Historias reales de un mundo ficticio
Por Sebastián Chacón
Fotos: Pablo Franco
La feroz puntualidad del otoño marplatense se encarga de equilibrar la balanza entre ideal y realidad. Con la llegada de temperaturas inferiores a veinte grados, se congelan los principados de barquilleros, carismáticos sobrevivientes de un pasado de gloria analógico, épocas donde la tardecita estaba muy lejos de ser un fin de tarde. Con su ruleta salitrosa y andar firme con ese universo de posibilidades colgando de un hombro, la figura del barquillero, sigue pintando de manera acertada, el espíritu inquebrantable de quienes eligen a La Feliz como única locación posible.
Conforme avanza el calendario en el período más celebrado por los surfistas locales, la ciudad va sufriendo mutaciones, algunas muy notorias y otras un tanto más soterradas por la discreción de los poderosos. De las primeras, podemos destacar: Los carteles que ornamentan la ruta 11 con ideales de felicidad en formato de lata o porrón, empiezan los primeros metros de su principal aventura; escapar de los aerosoles con promesas de una vida mejor, previo paso por el cuarto oscuro.
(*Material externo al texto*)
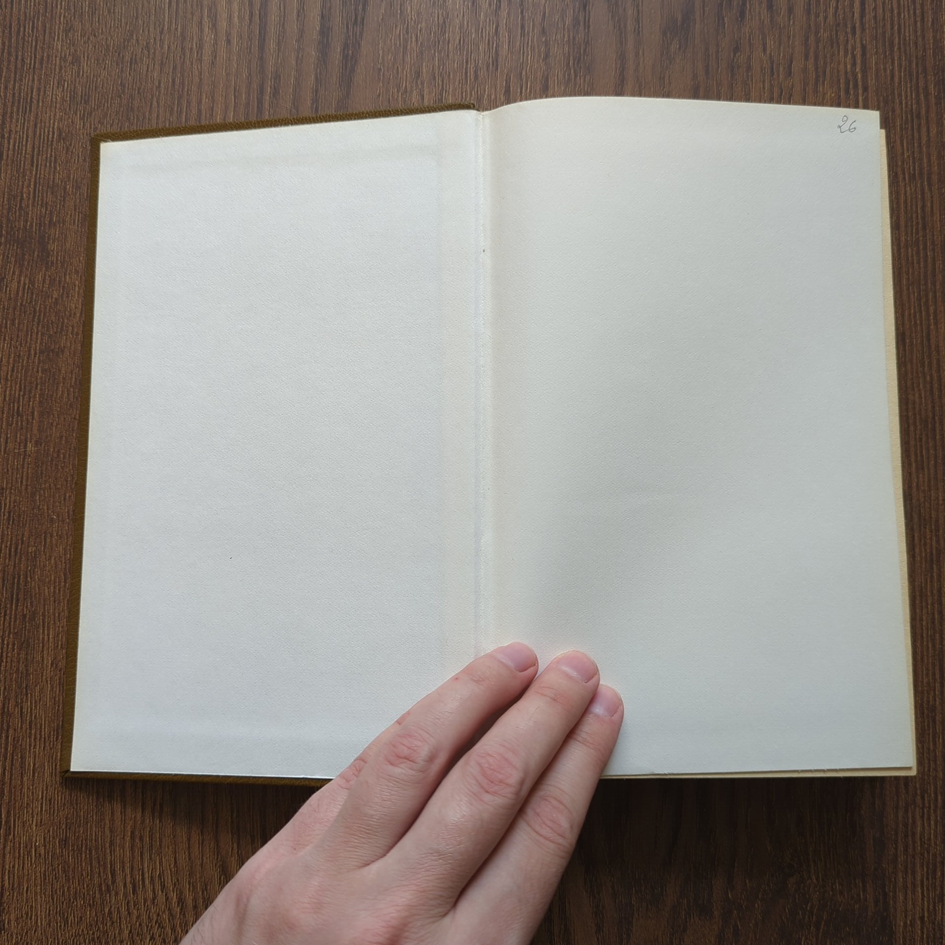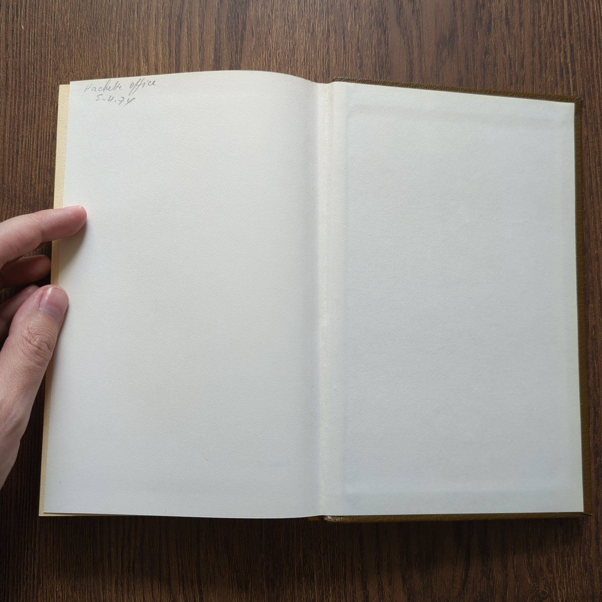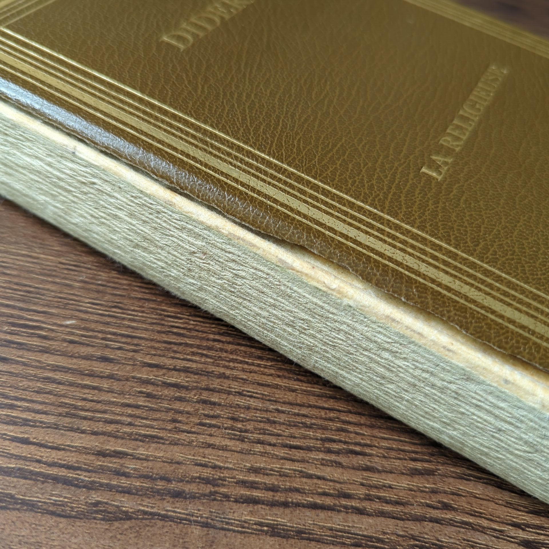 Remarques: Couverture de la reliure manquante; elle est donc exposée. Étonnamment, elle est toujours assez solide et les pages ne menacent pas de tomber; il serait toutefois évidemment recommandé de manipuler le livre avec soin. Les pages sont jaunies mais propres. Le texte est sans annotations. Déchirure au dos du livre.

De las que no se pueden ver, seguramente las notarán en el próximo verano o próximos meses. Dependerá de la voluntad de los inescrupulosos de siempre, quienes en aras de una ciudad mejor, dispondrán de algún espacio verde y lo cargarán de cemento, aludiendo a la necesidad de más y mejores oportunidades para todos aquellos que escapan de las esquirlas de la vida en la gran ciudad. Pero como es sabido, entre autóctonos, aventureros, trabajadores y oportunistas, la geografía de Mar del Plata se fue esculpiendo.
Y si hablamos de oportunistas…
Consuelo Suárez Puán había decidido empezar de nuevo y lo primero que hizo fue cambiarse el nombre. Consuelo siempre le había sonado a segundo premio en una feria de platos fríos de Nordelta. Cony fue la armadura que eligió para esconder la elección de sus padres. Una vez instalada en sus cuarenta, emigró a Mar del Plata y ni bien pisó La Feliz se rebautizó como Aleluya Suárez Puán.
En las tierras de Peralta Ramos encontró paz, distensión, se enloqueció con el cordón frutihortícola que circunda la ciudad (razón más que valedera para adentrarse en el veganismo), descubrió el mar y se enamoró con locura de Juan Ignacio, un guardavidas y surfista, de esos que se disputarían las más ambiciosas agencias de publicidad para vender con total autoridad, los ideales de libertad y valentía a sus clientes.
Con ahorros y la venta de un viejo Volvo, Aleluya compró con Juani (así lo conocía todo el mundo) una linda propiedad en la zona de Acantilados. Por mucho menos de la suma pretendida por los necesitados propietarios, la pareja se hizo de una casa de dos pisos y tres terrenos bien arbolados para resistir la crudeza del sur e ingratitudes del este. En ese palacio escribieron las páginas de una historia de amor que abrazaba paseos en bicicleta, yoga al amanecer, surfing en todo tipo de condiciones, huerta ecológica, lecturas de Krishnnamurti a la sombra de un cerezo que nunca dio frutos pero que enaltecía el jardín, interminables cenas con amigos y todo eso que permite la vida con tiempo libre y mullido césped a disposición.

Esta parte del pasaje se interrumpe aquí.